Covariant Functors and Asymptotic Stability

TL;DR

This paper investigates the asymptotic behavior of associated primes and depth of modules under covariant functors, establishing stability results for coherent functors and exploring cases beyond coherence.

Contribution

It proves asymptotic stability of associated primes and depths for coherent functors and extends the analysis to certain non-coherent functors like local cohomology.

Findings

Associated primes stabilize for large n under coherent functors.

Stability of J-depths is established for large n.

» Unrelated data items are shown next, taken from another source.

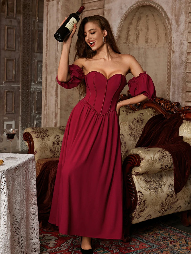 Victorian Off Shoulder Corset Bodice Maxi Dress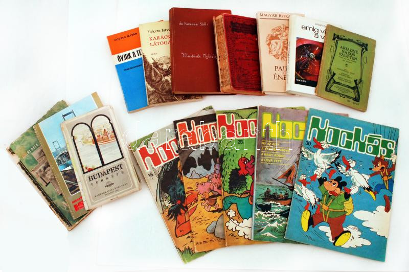 Kis doboznyi érdekes könyv-Fekete István: Karácsonyi látogatók; Dr. Hermann Göll: Illustrierte Mythologie der Hellenen, Römer, Germanen, Iranier und Inder; Pajkos énekek. Bp., 1984, Szépirodalmi Könyvkiadó; Madách Imre: Az ember tragédiája; Kockás füzetek, stb.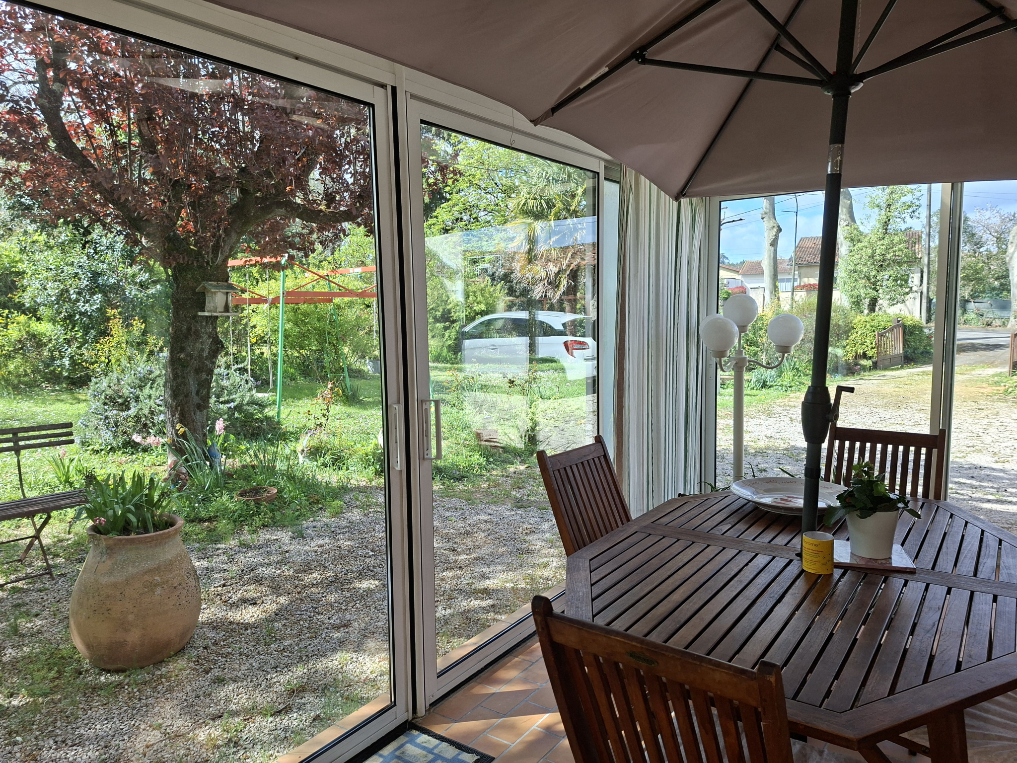 Elle dispose d'une grande et agréable véranda, idéale pour profiter de la lumière et d'un espace convivial une grande partie de l'année.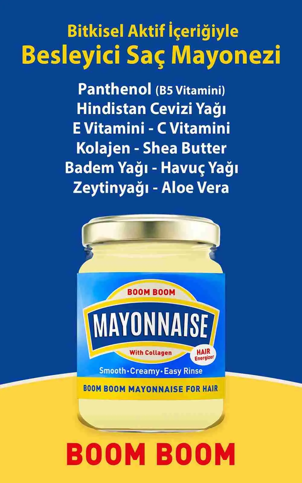 المايونيز هو منتج للعناية بالشعر يعمل على دعم خيوط الشعر التالفة لتبدو أكثر جمالًا ، ولزيادة مرونتها وتقويتها ضد الظروف البيئية ، مع دعم الكولاجين الذي تحتويه.

Non-coherent functors can also exhibit asymptotic stability in some cases.

Abstract

Let R be a commutative Noetherian ring, I and J ideals of R and M a finitely generated R-module. Let F be a covariant R-linear functor from the category of finitely generated R-modules to itself. We first show that if F is coherent, then the sets of associated primes of F(M/I^n M) and F(I^n-1 M / I^n M) and the J-depths of F(M/I^n M) and F(I^n-1 M / I^n M) become independent of n for large n. Next, we consider several examples in which F is a rather familiar functor, but is not coherent or not even finitely generated in general. In these cases, the set of associated primes of F(M/I^n M) still becomes independent of n for large n. We then show one negative result where F is not finitely generated. Finally, we give a positive result where F belongs to a special class of functors which are not finitely generated in general, an example of which is the zeroth local cohomology functor.